▶ Brief
For the records that follow, restate each one word for word and leave the images behind.

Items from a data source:
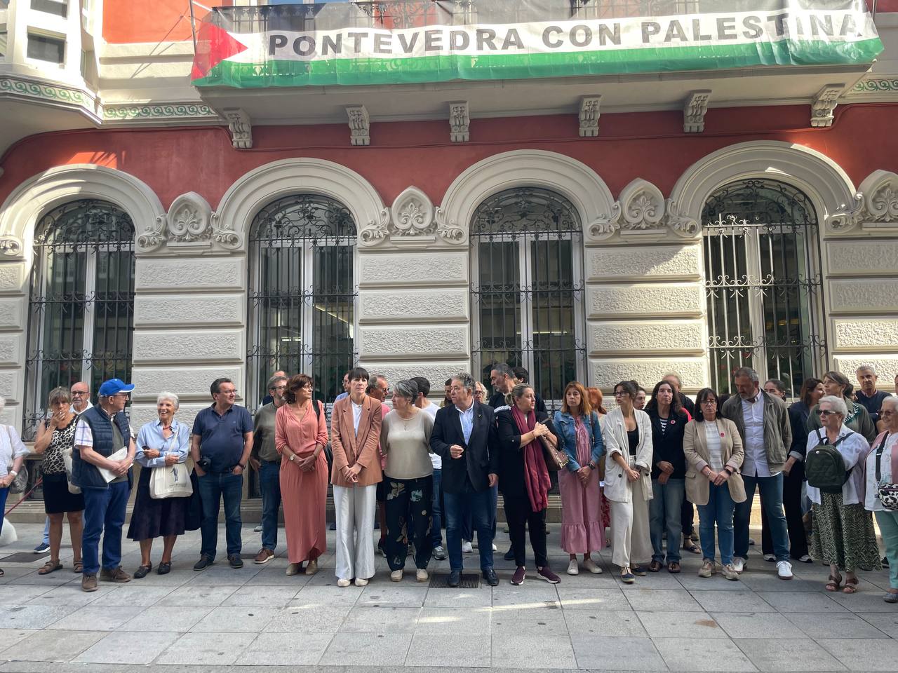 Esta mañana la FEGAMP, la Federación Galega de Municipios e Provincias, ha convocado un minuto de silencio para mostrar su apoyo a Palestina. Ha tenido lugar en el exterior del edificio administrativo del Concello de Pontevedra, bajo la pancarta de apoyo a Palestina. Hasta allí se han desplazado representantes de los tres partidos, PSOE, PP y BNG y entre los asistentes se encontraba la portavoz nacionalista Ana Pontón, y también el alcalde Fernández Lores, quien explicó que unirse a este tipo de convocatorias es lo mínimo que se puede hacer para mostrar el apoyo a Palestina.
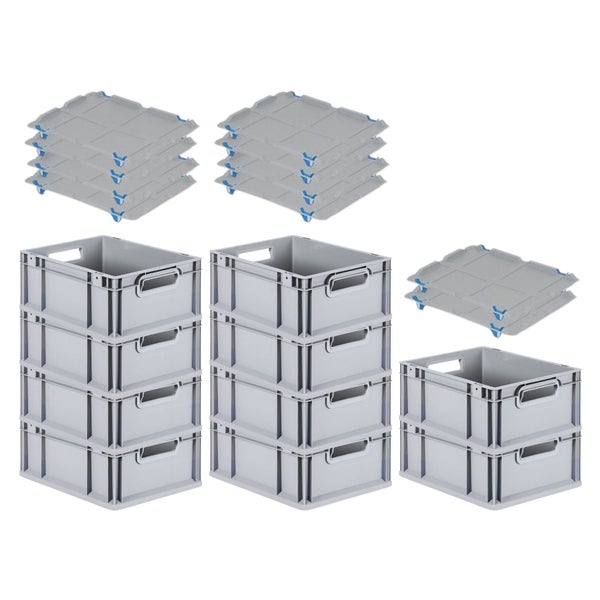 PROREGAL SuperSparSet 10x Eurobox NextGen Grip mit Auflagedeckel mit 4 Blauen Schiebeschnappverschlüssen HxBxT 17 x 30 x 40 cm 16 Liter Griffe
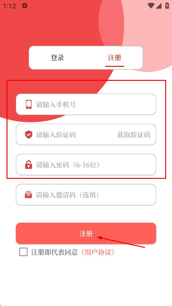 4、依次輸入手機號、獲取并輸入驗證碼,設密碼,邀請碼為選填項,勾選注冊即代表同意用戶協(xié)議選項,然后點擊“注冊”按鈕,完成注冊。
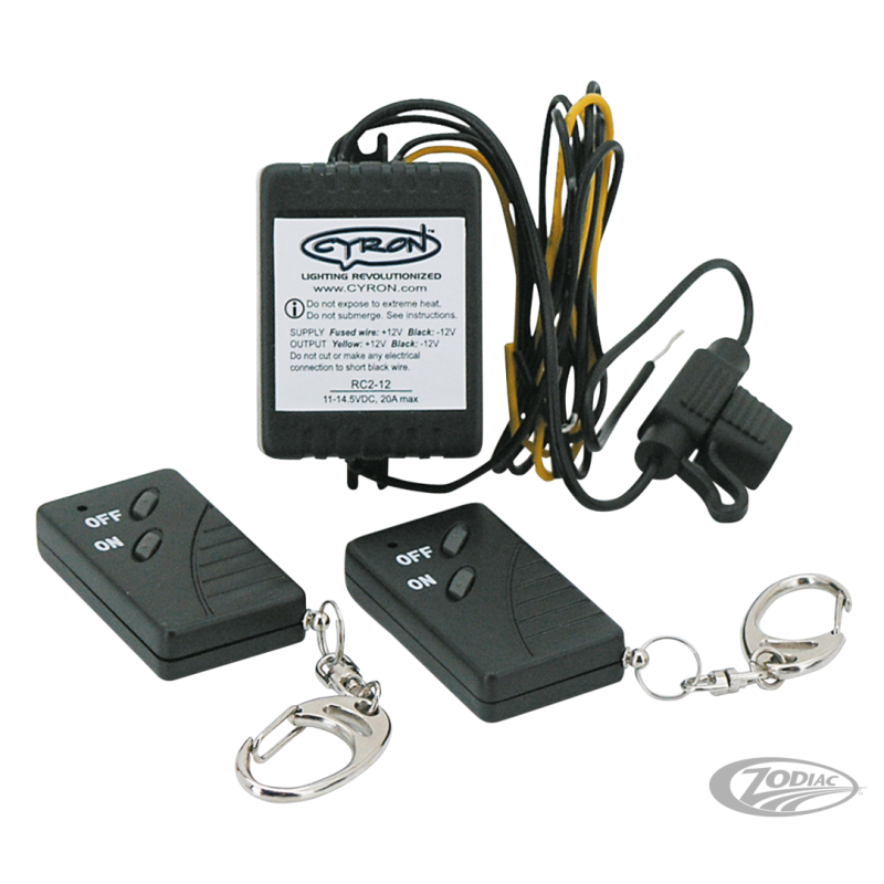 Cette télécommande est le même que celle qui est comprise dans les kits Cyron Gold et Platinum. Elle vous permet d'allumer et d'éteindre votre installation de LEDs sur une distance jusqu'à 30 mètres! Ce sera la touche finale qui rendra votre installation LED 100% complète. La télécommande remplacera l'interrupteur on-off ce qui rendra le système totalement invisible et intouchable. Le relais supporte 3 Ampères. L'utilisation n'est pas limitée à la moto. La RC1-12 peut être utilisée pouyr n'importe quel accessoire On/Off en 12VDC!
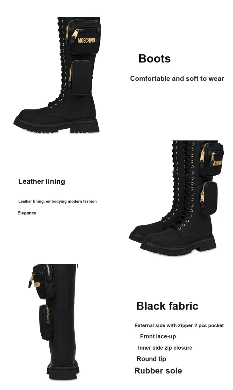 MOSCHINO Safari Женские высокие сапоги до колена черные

▶ The answer
 Esta mañana la FEGAMP, la Federación Galega de Municipios e Provincias, ha convocado un minuto de silencio para mostrar su apoyo a Palestina. Ha tenido lugar en el exterior del edificio administrativo del Concello de Pontevedra, bajo la pancarta de apoyo a Palestina. Hasta allí se han desplazado representantes de los tres partidos, PSOE, PP y BNG y entre los asistentes se encontraba la portavoz nacionalista Ana Pontón, y también el alcalde Fernández Lores, quien explicó que unirse a este tipo de convocatorias es lo mínimo que se puede hacer para mostrar el apoyo a Palestina.
 PROREGAL SuperSparSet 10x Eurobox NextGen Grip mit Auflagedeckel mit 4 Blauen Schiebeschnappverschlüssen HxBxT 17 x 30 x 40 cm 16 Liter Griffe
 4、依次輸入手機號、獲取并輸入驗證碼,設密碼,邀請碼為選填項,勾選注冊即代表同意用戶協(xié)議選項,然后點擊“注冊”按鈕,完成注冊。
 Cette télécommande est le même que celle qui est comprise dans les kits Cyron Gold et Platinum. Elle vous permet d'allumer et d'éteindre votre installation de LEDs sur une distance jusqu'à 30 mètres! Ce sera la touche finale qui rendra votre installation LED 100% complète. La télécommande remplacera l'interrupteur on-off ce qui rendra le système totalement invisible et intouchable. Le relais supporte 3 Ampères. L'utilisation n'est pas limitée à la moto. La RC1-12 peut être utilisée pouyr n'importe quel accessoire On/Off en 12VDC!
 MOSCHINO Safari Женские высокие сапоги до колена черные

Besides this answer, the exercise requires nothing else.